Segment Start: PROVIDED DATA

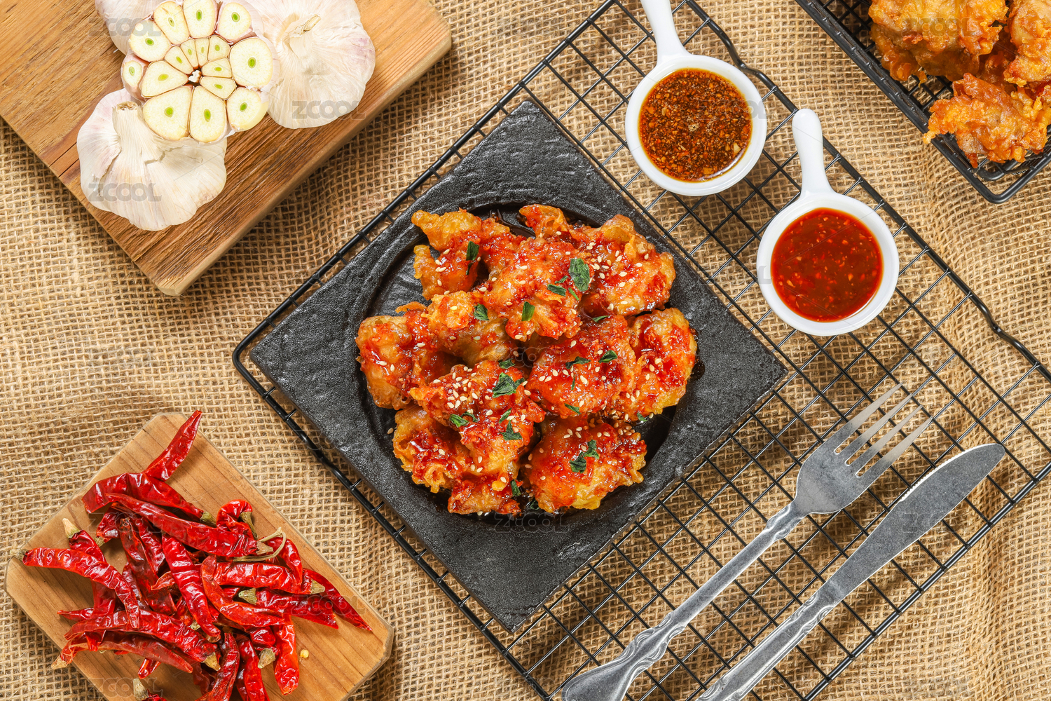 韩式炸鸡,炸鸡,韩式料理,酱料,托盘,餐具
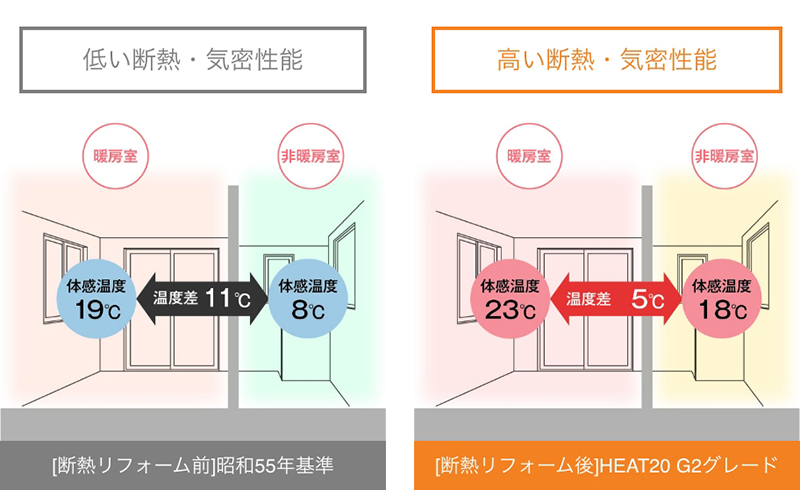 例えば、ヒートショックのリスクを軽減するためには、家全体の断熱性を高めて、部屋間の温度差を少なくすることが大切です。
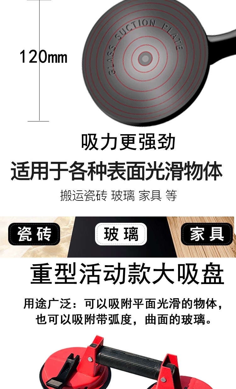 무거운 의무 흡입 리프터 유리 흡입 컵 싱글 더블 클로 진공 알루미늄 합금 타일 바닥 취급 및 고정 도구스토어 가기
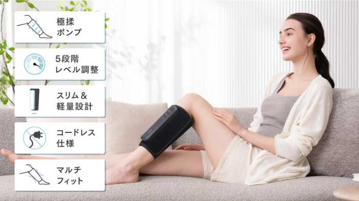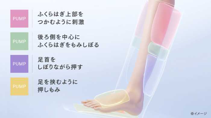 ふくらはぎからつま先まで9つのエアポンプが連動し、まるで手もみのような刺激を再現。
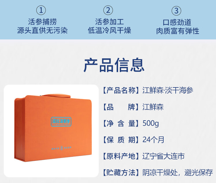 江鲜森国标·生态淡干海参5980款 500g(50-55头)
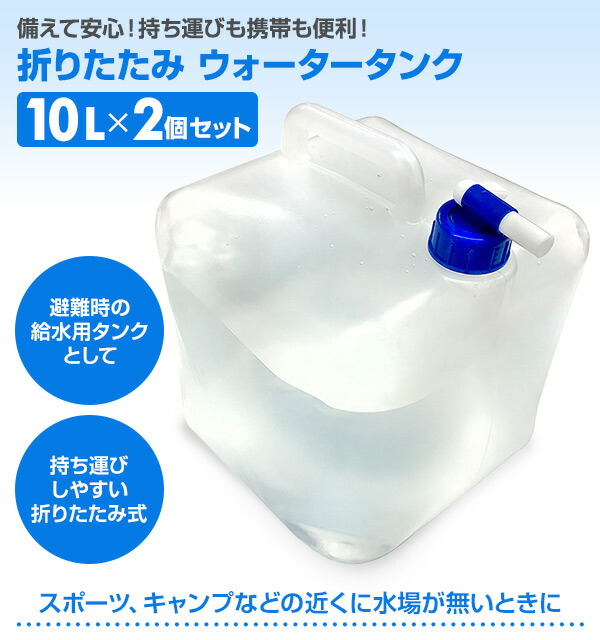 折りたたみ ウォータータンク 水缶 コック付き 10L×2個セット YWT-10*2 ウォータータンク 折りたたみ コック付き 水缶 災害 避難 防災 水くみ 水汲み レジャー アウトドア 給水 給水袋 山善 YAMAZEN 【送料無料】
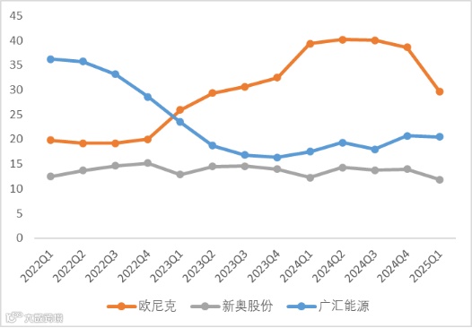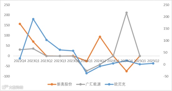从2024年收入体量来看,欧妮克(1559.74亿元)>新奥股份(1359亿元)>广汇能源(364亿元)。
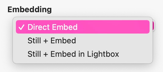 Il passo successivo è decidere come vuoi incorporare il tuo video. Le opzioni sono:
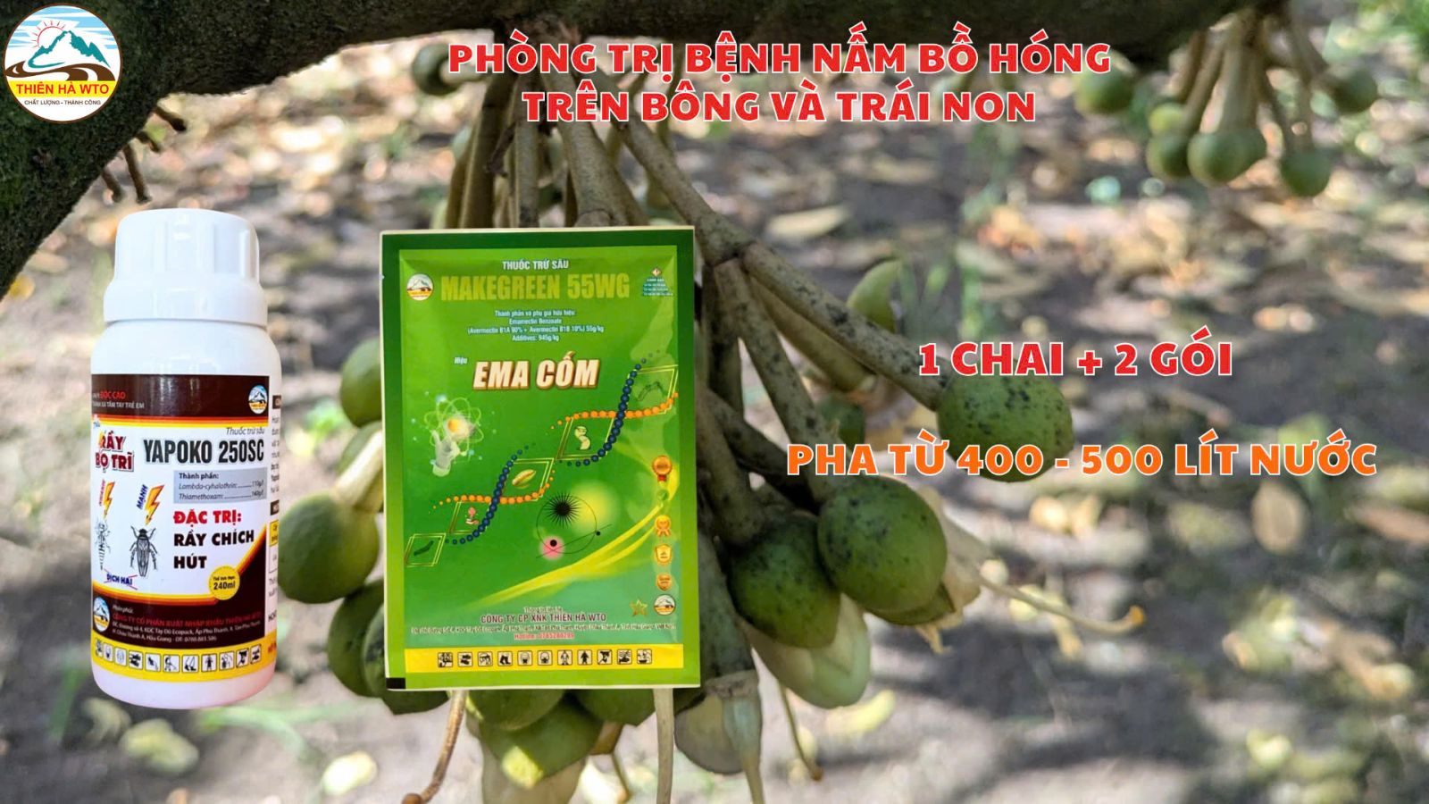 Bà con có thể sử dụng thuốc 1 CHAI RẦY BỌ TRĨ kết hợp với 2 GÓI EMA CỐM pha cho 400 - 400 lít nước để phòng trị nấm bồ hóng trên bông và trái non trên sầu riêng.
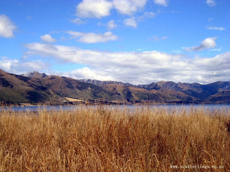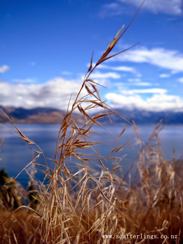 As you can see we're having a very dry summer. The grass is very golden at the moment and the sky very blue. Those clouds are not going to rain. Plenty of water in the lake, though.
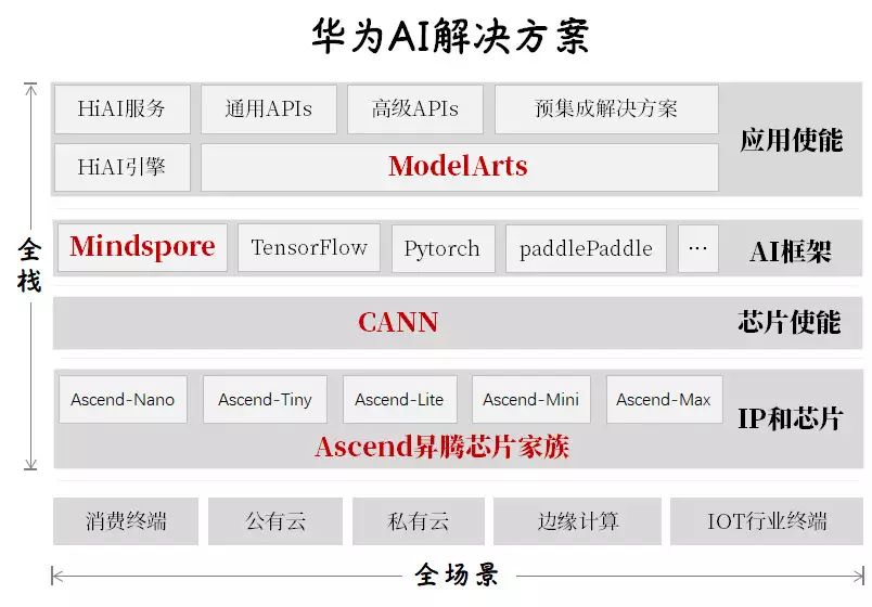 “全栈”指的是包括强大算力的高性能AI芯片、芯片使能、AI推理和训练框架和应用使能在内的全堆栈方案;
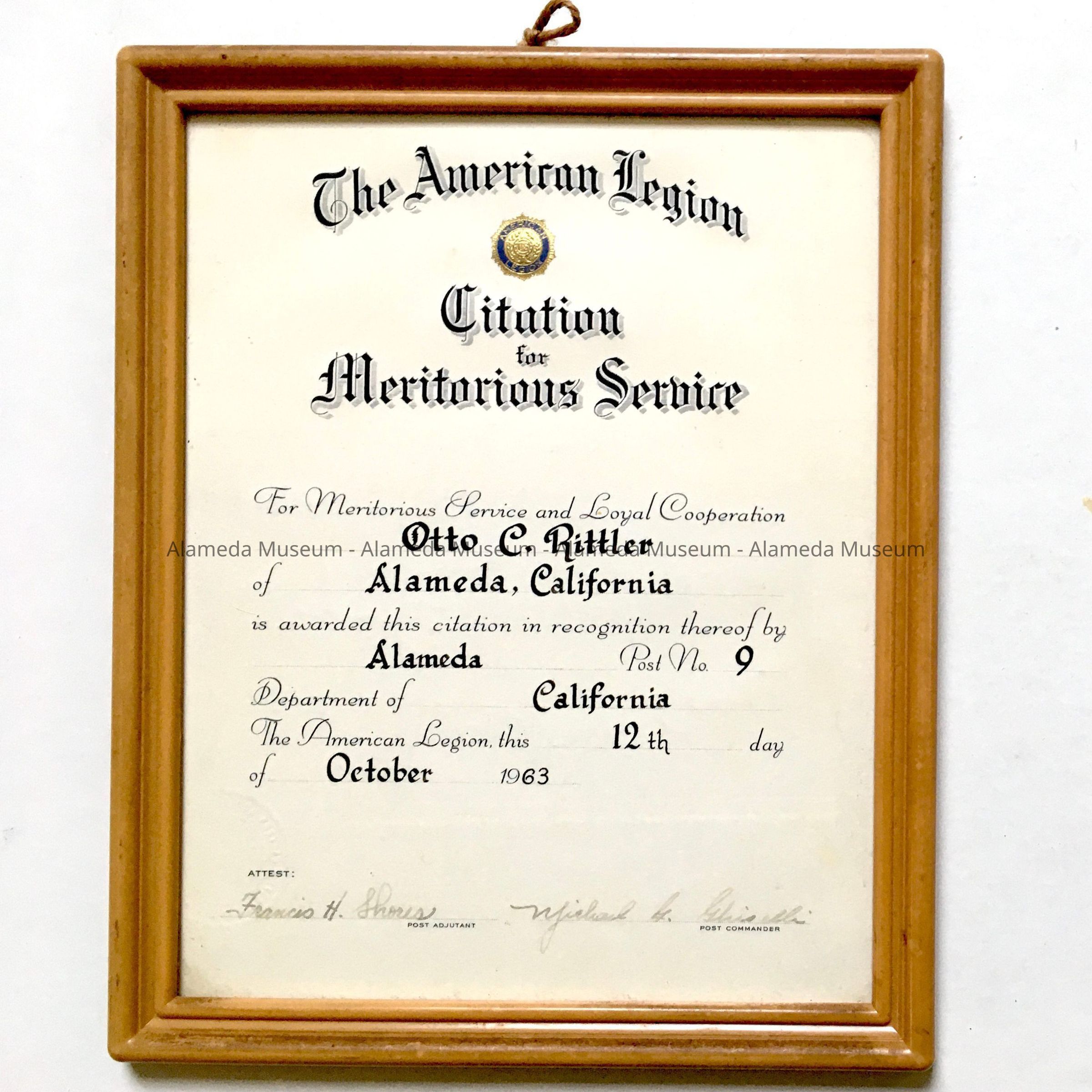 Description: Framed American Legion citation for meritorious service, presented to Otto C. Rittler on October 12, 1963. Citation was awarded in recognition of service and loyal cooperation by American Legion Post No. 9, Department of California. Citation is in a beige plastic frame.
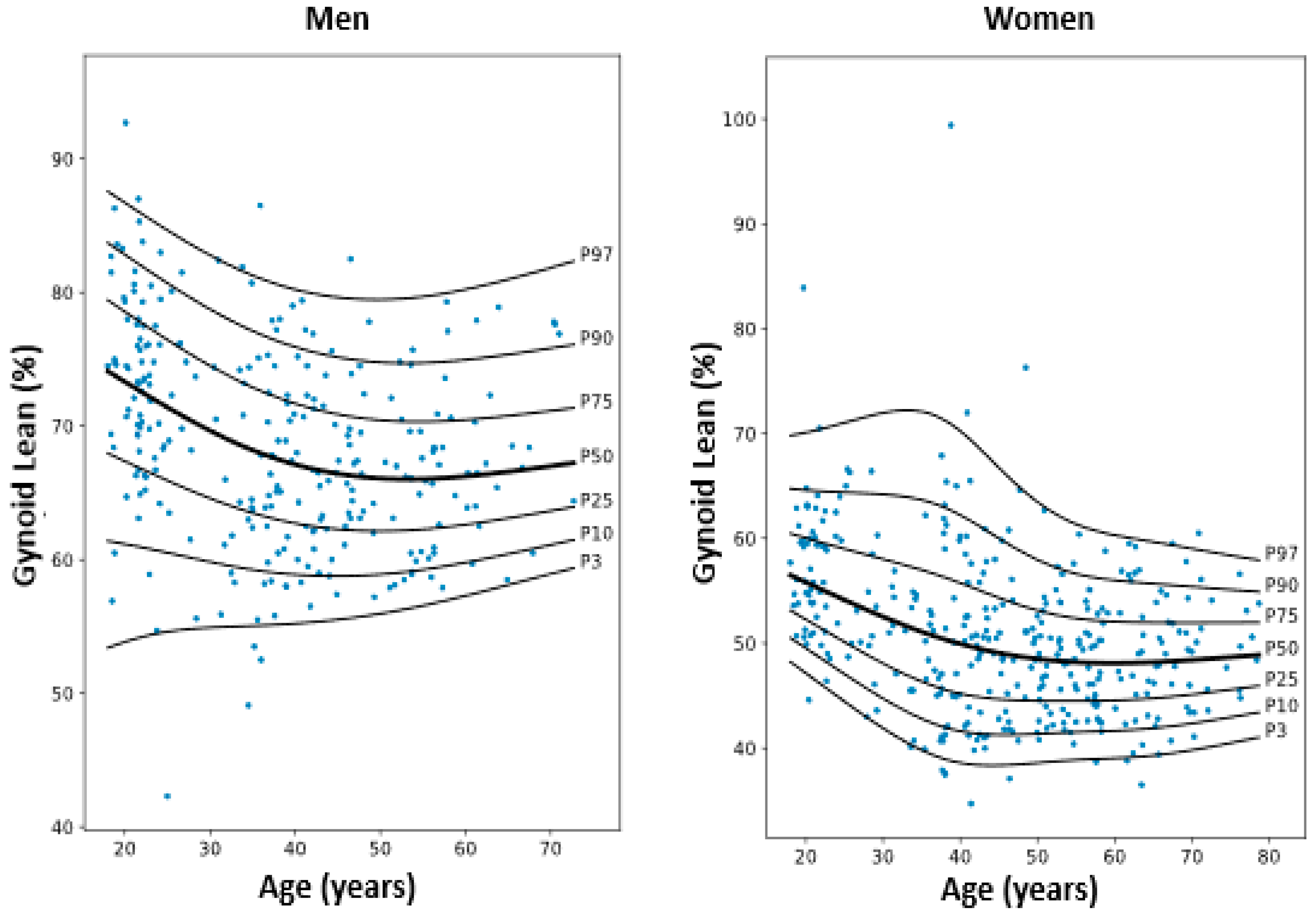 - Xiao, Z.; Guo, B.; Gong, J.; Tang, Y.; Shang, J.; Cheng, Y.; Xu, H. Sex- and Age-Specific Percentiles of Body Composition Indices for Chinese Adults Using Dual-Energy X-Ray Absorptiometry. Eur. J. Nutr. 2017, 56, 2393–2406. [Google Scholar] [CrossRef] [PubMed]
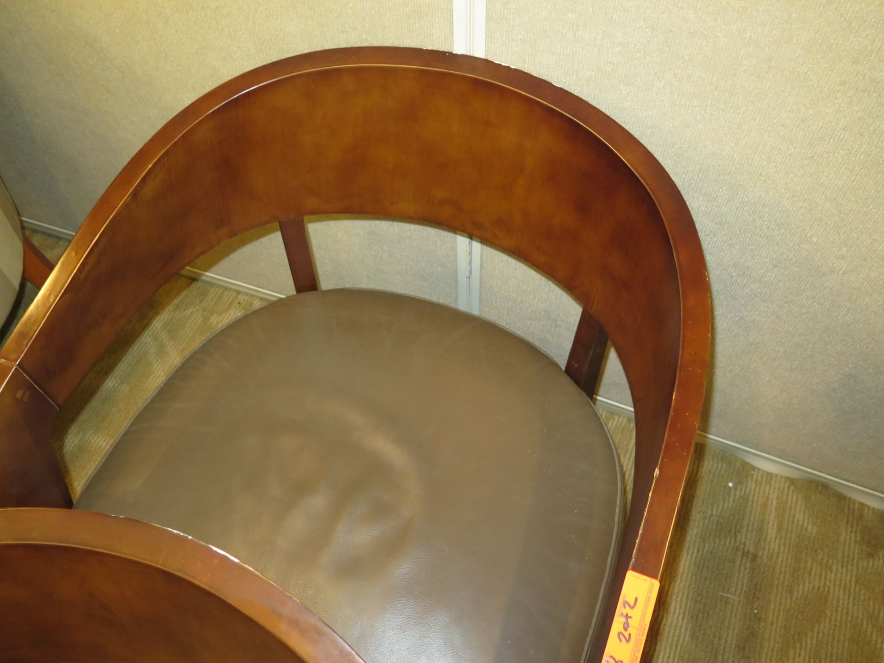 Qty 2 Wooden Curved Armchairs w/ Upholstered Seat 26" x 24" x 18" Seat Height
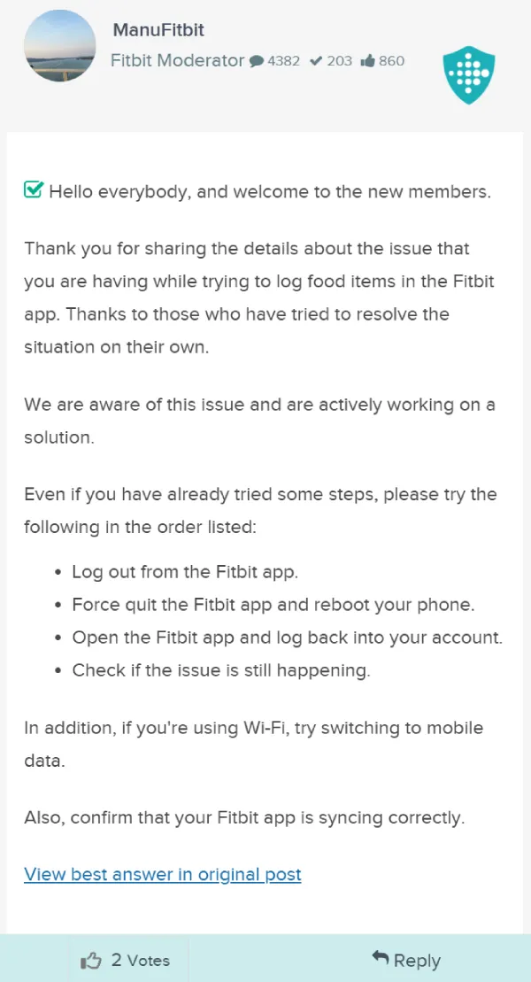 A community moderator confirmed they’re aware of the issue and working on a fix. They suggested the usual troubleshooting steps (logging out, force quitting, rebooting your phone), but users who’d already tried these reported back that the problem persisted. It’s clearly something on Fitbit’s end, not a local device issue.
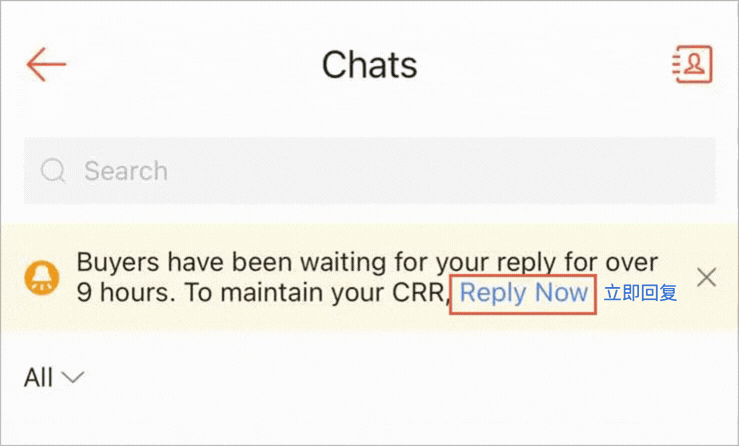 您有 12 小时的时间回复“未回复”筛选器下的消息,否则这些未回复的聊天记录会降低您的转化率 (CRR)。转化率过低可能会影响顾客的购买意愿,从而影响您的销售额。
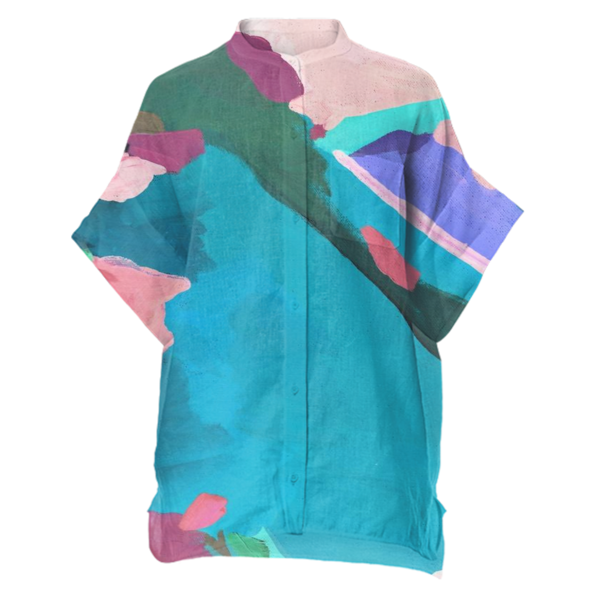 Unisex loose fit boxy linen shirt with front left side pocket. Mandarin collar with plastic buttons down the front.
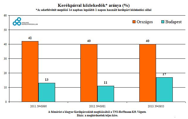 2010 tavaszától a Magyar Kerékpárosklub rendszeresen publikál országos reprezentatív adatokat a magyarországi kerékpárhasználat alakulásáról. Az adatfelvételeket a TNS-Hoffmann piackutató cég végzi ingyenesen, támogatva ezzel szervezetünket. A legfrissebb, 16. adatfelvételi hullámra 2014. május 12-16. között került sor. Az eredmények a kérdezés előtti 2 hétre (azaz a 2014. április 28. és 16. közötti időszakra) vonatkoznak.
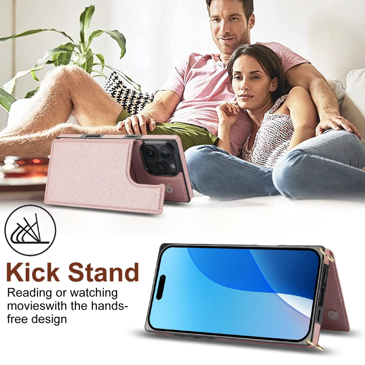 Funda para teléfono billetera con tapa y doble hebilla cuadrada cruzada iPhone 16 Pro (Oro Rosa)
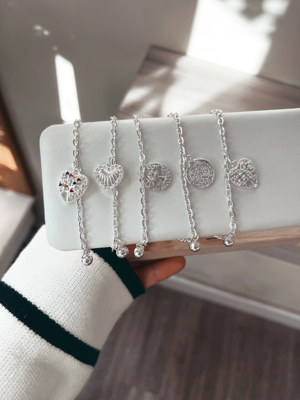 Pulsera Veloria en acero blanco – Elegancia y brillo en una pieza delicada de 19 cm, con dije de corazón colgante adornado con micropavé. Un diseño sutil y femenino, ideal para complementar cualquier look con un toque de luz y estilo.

Segment End: PROVIDED DATA

EXERCISE OBJECTIVE:
Write every line above out again exactly; pictures do not belong in the copy.

TASK RESPONSE:
 韩式炸鸡,炸鸡,韩式料理,酱料,托盘,餐具
 例えば、ヒートショックのリスクを軽減するためには、家全体の断熱性を高めて、部屋間の温度差を少なくすることが大切です。
 무거운 의무 흡입 리프터 유리 흡입 컵 싱글 더블 클로 진공 알루미늄 합금 타일 바닥 취급 및 고정 도구스토어 가기
 ふくらはぎからつま先まで9つのエアポンプが連動し、まるで手もみのような刺激を再現。
 江鲜森国标·生态淡干海参5980款 500g(50-55头)
 折りたたみ ウォータータンク 水缶 コック付き 10L×2個セット YWT-10*2 ウォータータンク 折りたたみ コック付き 水缶 災害 避難 防災 水くみ 水汲み レジャー アウトドア 給水 給水袋 山善 YAMAZEN 【送料無料】
从2024年收入体量来看,欧妮克(1559.74亿元)>新奥股份(1359亿元)>广汇能源(364亿元)。
 Il passo successivo è decidere come vuoi incorporare il tuo video. Le opzioni sono:
 Bà con có thể sử dụng thuốc 1 CHAI RẦY BỌ TRĨ kết hợp với 2 GÓI EMA CỐM pha cho 400 - 400 lít nước để phòng trị nấm bồ hóng trên bông và trái non trên sầu riêng.
 As you can see we're having a very dry summer. The grass is very golden at the moment and the sky very blue. Those clouds are not going to rain. Plenty of water in the lake, though.
 “全栈”指的是包括强大算力的高性能AI芯片、芯片使能、AI推理和训练框架和应用使能在内的全堆栈方案;
 Description: Framed American Legion citation for meritorious service, presented to Otto C. Rittler on October 12, 1963. Citation was awarded in recognition of service and loyal cooperation by American Legion Post No. 9, Department of California. Citation is in a beige plastic frame.
 - Xiao, Z.; Guo, B.; Gong, J.; Tang, Y.; Shang, J.; Cheng, Y.; Xu, H. Sex- and Age-Specific Percentiles of Body Composition Indices for Chinese Adults Using Dual-Energy X-Ray Absorptiometry. Eur. J. Nutr. 2017, 56, 2393–2406. [Google Scholar] [CrossRef] [PubMed]
 Qty 2 Wooden Curved Armchairs w/ Upholstered Seat 26" x 24" x 18" Seat Height
 A community moderator confirmed they’re aware of the issue and working on a fix. They suggested the usual troubleshooting steps (logging out, force quitting, rebooting your phone), but users who’d already tried these reported back that the problem persisted. It’s clearly something on Fitbit’s end, not a local device issue.
 您有 12 小时的时间回复“未回复”筛选器下的消息,否则这些未回复的聊天记录会降低您的转化率 (CRR)。转化率过低可能会影响顾客的购买意愿,从而影响您的销售额。
 Unisex loose fit boxy linen shirt with front left side pocket. Mandarin collar with plastic buttons down the front.
 2010 tavaszától a Magyar Kerékpárosklub rendszeresen publikál országos reprezentatív adatokat a magyarországi kerékpárhasználat alakulásáról. Az adatfelvételeket a TNS-Hoffmann piackutató cég végzi ingyenesen, támogatva ezzel szervezetünket. A legfrissebb, 16. adatfelvételi hullámra 2014. május 12-16. között került sor. Az eredmények a kérdezés előtti 2 hétre (azaz a 2014. április 28. és 16. közötti időszakra) vonatkoznak.
 Funda para teléfono billetera con tapa y doble hebilla cuadrada cruzada iPhone 16 Pro (Oro Rosa)
 Pulsera Veloria en acero blanco – Elegancia y brillo en una pieza delicada de 19 cm, con dije de corazón colgante adornado con micropavé. Un diseño sutil y femenino, ideal para complementar cualquier look con un toque de luz y estilo.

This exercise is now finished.